> _PROMPT_: Exact copies of all the lines below are wanted, without a single picture.

> _DATA PROVIDED_:

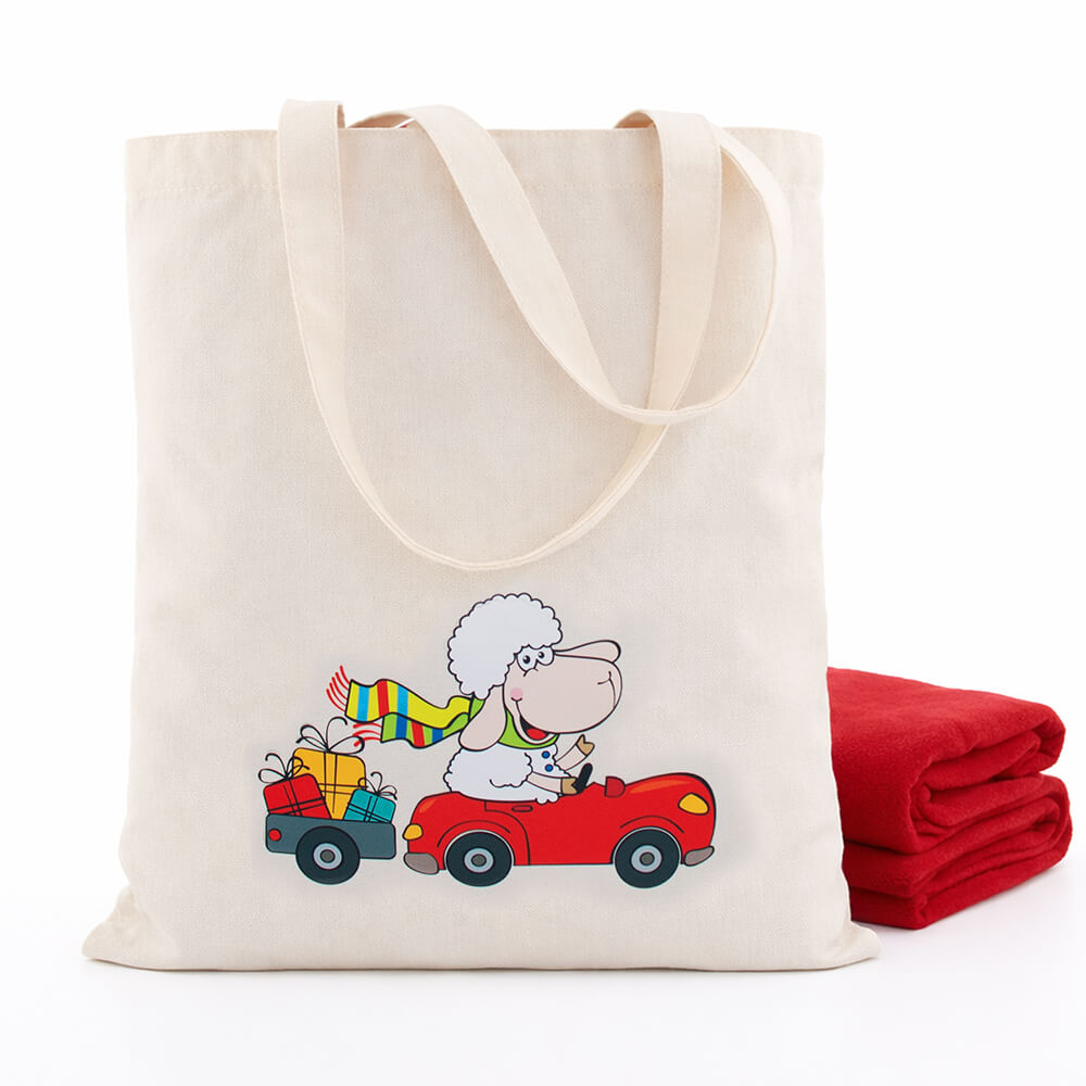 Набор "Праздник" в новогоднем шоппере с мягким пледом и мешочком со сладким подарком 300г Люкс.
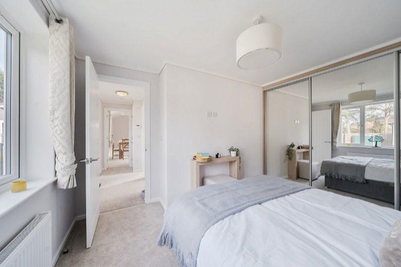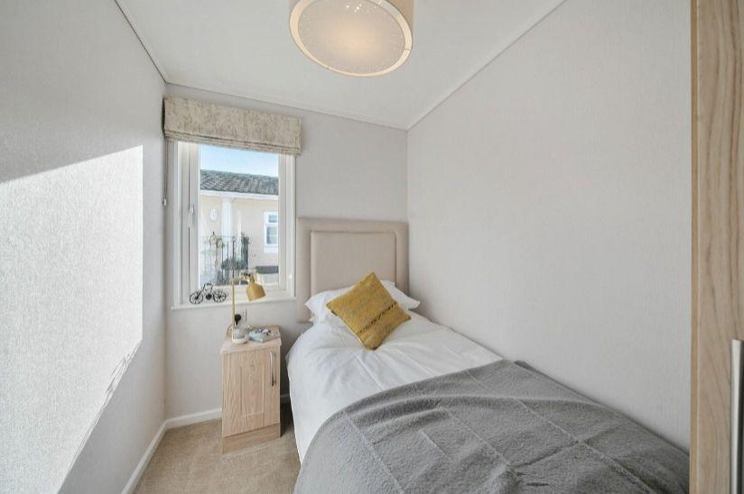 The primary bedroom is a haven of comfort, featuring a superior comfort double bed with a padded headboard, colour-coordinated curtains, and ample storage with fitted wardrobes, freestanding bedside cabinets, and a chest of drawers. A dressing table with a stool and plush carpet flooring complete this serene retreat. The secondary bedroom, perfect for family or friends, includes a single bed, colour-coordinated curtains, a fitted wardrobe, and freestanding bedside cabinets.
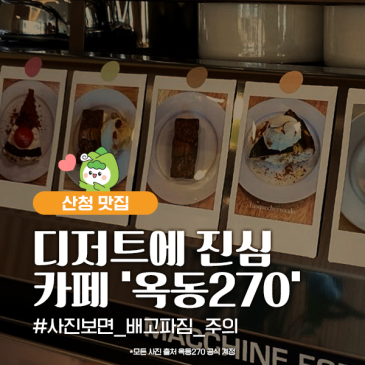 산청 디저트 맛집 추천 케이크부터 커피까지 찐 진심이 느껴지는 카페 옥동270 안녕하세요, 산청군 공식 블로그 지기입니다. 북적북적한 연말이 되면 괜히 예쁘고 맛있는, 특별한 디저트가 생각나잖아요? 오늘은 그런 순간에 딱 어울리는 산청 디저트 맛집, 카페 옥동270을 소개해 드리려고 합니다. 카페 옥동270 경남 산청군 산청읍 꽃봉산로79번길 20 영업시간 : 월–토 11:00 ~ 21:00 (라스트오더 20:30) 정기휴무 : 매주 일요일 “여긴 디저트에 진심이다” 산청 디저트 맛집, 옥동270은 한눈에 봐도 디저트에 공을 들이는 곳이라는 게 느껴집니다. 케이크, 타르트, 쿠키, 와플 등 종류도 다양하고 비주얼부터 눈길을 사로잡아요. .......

> _YOUR RESPONSE_:
 Набор "Праздник" в новогоднем шоппере с мягким пледом и мешочком со сладким подарком 300г Люкс.
 The primary bedroom is a haven of comfort, featuring a superior comfort double bed with a padded headboard, colour-coordinated curtains, and ample storage with fitted wardrobes, freestanding bedside cabinets, and a chest of drawers. A dressing table with a stool and plush carpet flooring complete this serene retreat. The secondary bedroom, perfect for family or friends, includes a single bed, colour-coordinated curtains, a fitted wardrobe, and freestanding bedside cabinets.
 산청 디저트 맛집 추천 케이크부터 커피까지 찐 진심이 느껴지는 카페 옥동270 안녕하세요, 산청군 공식 블로그 지기입니다. 북적북적한 연말이 되면 괜히 예쁘고 맛있는, 특별한 디저트가 생각나잖아요? 오늘은 그런 순간에 딱 어울리는 산청 디저트 맛집, 카페 옥동270을 소개해 드리려고 합니다. 카페 옥동270 경남 산청군 산청읍 꽃봉산로79번길 20 영업시간 : 월–토 11:00 ~ 21:00 (라스트오더 20:30) 정기휴무 : 매주 일요일 “여긴 디저트에 진심이다” 산청 디저트 맛집, 옥동270은 한눈에 봐도 디저트에 공을 들이는 곳이라는 게 느껴집니다. 케이크, 타르트, 쿠키, 와플 등 종류도 다양하고 비주얼부터 눈길을 사로잡아요. .......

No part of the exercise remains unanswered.